March 12: Goldstein, in the L.A. Times' Big Picture blog, debunked the Bayona hiring. Goldstein quoted his lunch partner of that day, Summit president of production Erik Feig, as denying that anyone had been hired to direct "Eclipse."
Goldstein's post took Finke and Variety to task, alleging the stories ran without getting confirmation the story.
Finke's response to Goldstein was swift, even demanding an apology from Feig. Shortly before 10 p.m. that night, her update featured Feig claiming to have been misquoted by Goldstein, at least according to Finke.
March 13: Goldstein responds with a post saying that he and Feig had been "bludgeoned" by Finke, and he even linked to another blogger's take on the Finke vs. Goldstein spat.
March 15: Goldstein added a "Sunday update" that quoted Feig giving a mea culpa to Finke, after which Goldstein took yet another swipe at Variety for supposed journalistic recklessness.
So, in other words, Finke was right, the LA Times was wrong. So what point, exactly, was Variety trying to make?
In another Variety story, Michael Fleming recounts this anecdote:
A little over a year ago, I found out Brad Pitt might fall out of Universal's "State of Play." The studio's toppers argued that a Variety story would cement his exit. They asked for a couple of days to let it play out, a request that seemed reasonable. Days later, Variety.com broke Pitt's exit. (Later that day, Deadline Hollywood Daily wrote about my sitting on the story and cited it as proof Variety was in the pockets of the studios.)
In other words, Finke was right. Fleming sat on the story because the studio asked him to. He put their business/PR interests above his responsibility to report news. He cow-towed to an advertiser. The only point Fleming is making here is how compromised Variety's reporting has truly become (which was obvious to anyone who read the trades during the Writers Strike).
I think the Daily Beast sums it up best:
This weekend, Variety launched an extraordinary three-part attack that was ostensibly aimed at blogging in general but clearly was aimed at one influential online journalist in particular.[…]Thanks in part to a loyal cadre of sources and to the enormous vacuum she filled during the writers’ strike, Finke’s column has become a must-read in Hollywood. And clearly, Variety’s Bart cannot take it anymore.[…]The fact is Variety—like the Los Angeles Times (which has also taken an increasing number of shots at Finke lately)—too often lags behind the news. How is it possible, to pick just two easy examples, that both well-staffed institutions missed the Silverman-to-NBC story and the Chernin-is-out story? Perhaps, as they claim, they’re handicapped by their desire to verify information before slapping it up on the web. But maintaining a high journalistic standard hardly explains the type of anemic coverage too-often found, or not found, on the pages of either Variety or the Times.

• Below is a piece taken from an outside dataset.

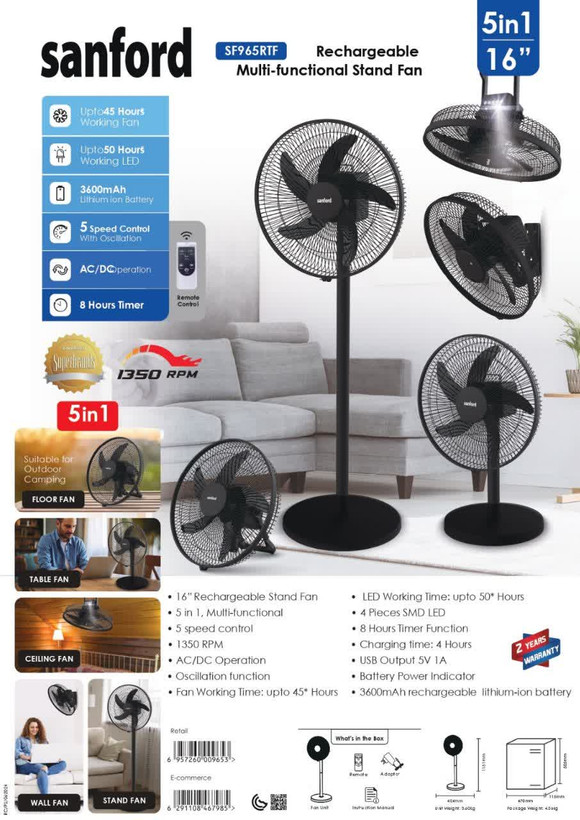پنکه شارژی۵ کاره سانفورد 965

Bart’s attack—indeed the whole whiny Variety package—sounds too much like the enraged cry of an old-media dinosaur trying to defend what’s left of its terrain.
(Hat-tip to Denis McGrath for leading me to the Daily Beast post)
UPDATE: Nikki Finke is reporting today that Daily Variety's publisher Neil Stiles made overtures to buy her out on February 27 and bring her into their fold. The deal didn't happen.
Stiles admitted that his company had done a survey only to find that DHD was a bigger showbiz destination site on the Internet than Variety. He also noted that Variety was embarrassed when the trade publication missed the Peter-Chernin-resigning-from-News Corp story which I had broken a few days earlier. (It took Variety several hours to get online with a matching story…) Stiles' idea was that I would remain independent, but Variety would own DHD and link to my scoops, etc.[…]
She reports that Bart wasn't consulted about the offer and was furious when he found out, immediately ordering not one, but three articles trashing her. How embarrassing…for Variety.